→ ASSIGNMENT
Nothing but the text of the listing, repeated exactly, belongs in the answer; leave the images out.

→ SUPPLIED MATERIAL
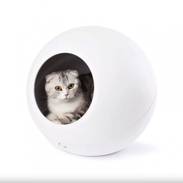 Das Cozy House von PetTec ist mehr als nur eine futuristisch aussehende Katzenhöhle. Das Pet House ist nämlich mit einer intelligenten Klimatisierungstechnik ausgestattet! An besonders heißen Sommertagen könnt ihr den Innenraum angenehm abkühlen und im Winter gemütlich aufheizen. Mithilfe einer WLAN-Verbindung könnt ihr das Katzenhaus auch aus der Ferne steuern. Dazu benötigt ihr lediglich die kostenfreie Petkit-App. Die App ermöglicht euch nicht nur die Einstellung der Temperatur, sondern informiert euch auch darüber, wie oft und wie lange sich euer Liebling in der Höhle aufhält.
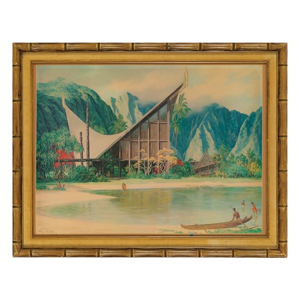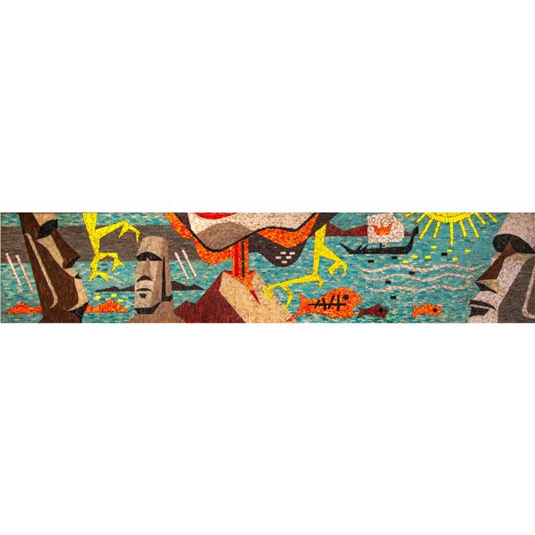 (1950S) The Holy Grail of Poly-Pop decor! A dazzling work of art with this jaw-dropping mosaic depicting Moai tiki statues against an active volcano a
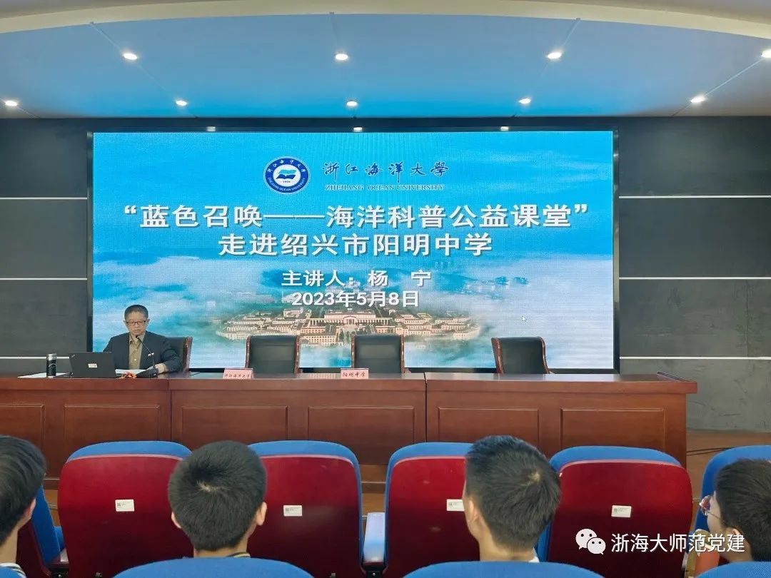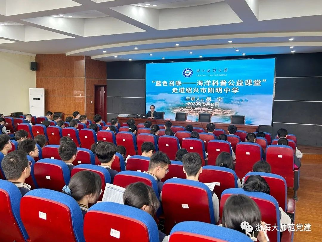 2023年5月8日下午,永利集团官网“蓝色召唤——海洋科普公益课堂”走进绍兴市阳明中学。yl9193永利集团党委书记、副院长杨宁担任主讲,该校100余名高中学生参与课堂。

→ SOLUTION TO THE PROBLEM
 Das Cozy House von PetTec ist mehr als nur eine futuristisch aussehende Katzenhöhle. Das Pet House ist nämlich mit einer intelligenten Klimatisierungstechnik ausgestattet! An besonders heißen Sommertagen könnt ihr den Innenraum angenehm abkühlen und im Winter gemütlich aufheizen. Mithilfe einer WLAN-Verbindung könnt ihr das Katzenhaus auch aus der Ferne steuern. Dazu benötigt ihr lediglich die kostenfreie Petkit-App. Die App ermöglicht euch nicht nur die Einstellung der Temperatur, sondern informiert euch auch darüber, wie oft und wie lange sich euer Liebling in der Höhle aufhält.
 (1950S) The Holy Grail of Poly-Pop decor! A dazzling work of art with this jaw-dropping mosaic depicting Moai tiki statues against an active volcano a
 2023年5月8日下午,永利集团官网“蓝色召唤——海洋科普公益课堂”走进绍兴市阳明中学。yl9193永利集团党委书记、副院长杨宁担任主讲,该校100余名高中学生参与课堂。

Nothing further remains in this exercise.